Once, Longtusk had crossed this Channel to bring his Kin to the Island. It had been a great migration, with thousands of mammoths delivered to safety. But the Cycle was silent about how Longtusk did it. Some said he flew across the water. If Silverhair could fly now, she would.

But on one point the Cycle was absolutely clear: Longtusk himself did not survive the passage.

Today, then, she must outdo Longtusk himself.

Silverhair gathered her courage. She stepped forward.

Thin landfast ice crunched around her feet. The water immediately soaked through the thick hair over her legs, and its chill reached her skin. She could feel the water seeping up the hairs dangling from her belly, and more ice broke around her chest.

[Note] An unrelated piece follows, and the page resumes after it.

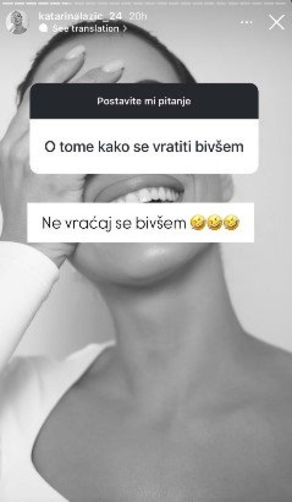 Ona je, naime, odgovarala na pitanja svojih pratilaca, a kada ju je jedna devojka zamolila za savet kako da se vrati bivšem, budući da ima iskustva u tome, Kaća je zaprepastila odgovorom.

She stumbled, and suddenly the water flooded over her chest and back, and forced its way into her mouth. She scrambled backward, coughing, a spray of water erupting from her mouth. But she lost her footing again and slipped sideways, and suddenly her head was immersed.

She fought brief panic.

She stood straight and lifted her head out of the water, opened her mouth and took a deep draught of air. The water felt tight around her chest, like a band of ice.

Dread flooded her. She remembered the stream of runoff that had almost killed her as a calf. She had been so small then, and the stream — which she could probably ford easily now — had been a lethal torrent, no less intimidating than the Channel that faced her now. She longed to turn and flee back to the land, to abandon this quest.

But she knew this was only the beginning.

Deliberately she took another step forward. The ice, cracking, brushed against her chest. She lifted her head back as far as she could go, trying to keep her eyes and mouth out of the water. But at last the water was too deep, and it closed over her head.

The cold was shocking, like a physical blow, so intense it made her gasp.

She forced herself to open her eyes.

The water was gray-green, and its surface was a glimmering sheet above her. She could see floating ice, thin gray slabs of it over her head.

She thrust her trunk through the surface so that it protruded from the water. She blew hard to clear her trunk of water, and sucked in deep lungfuls of clean, salty air. She could feel her chest drag against the heavy pressure of the water, which was trying, it seemed, to crush her ribs like a trampled egg. But she could breathe.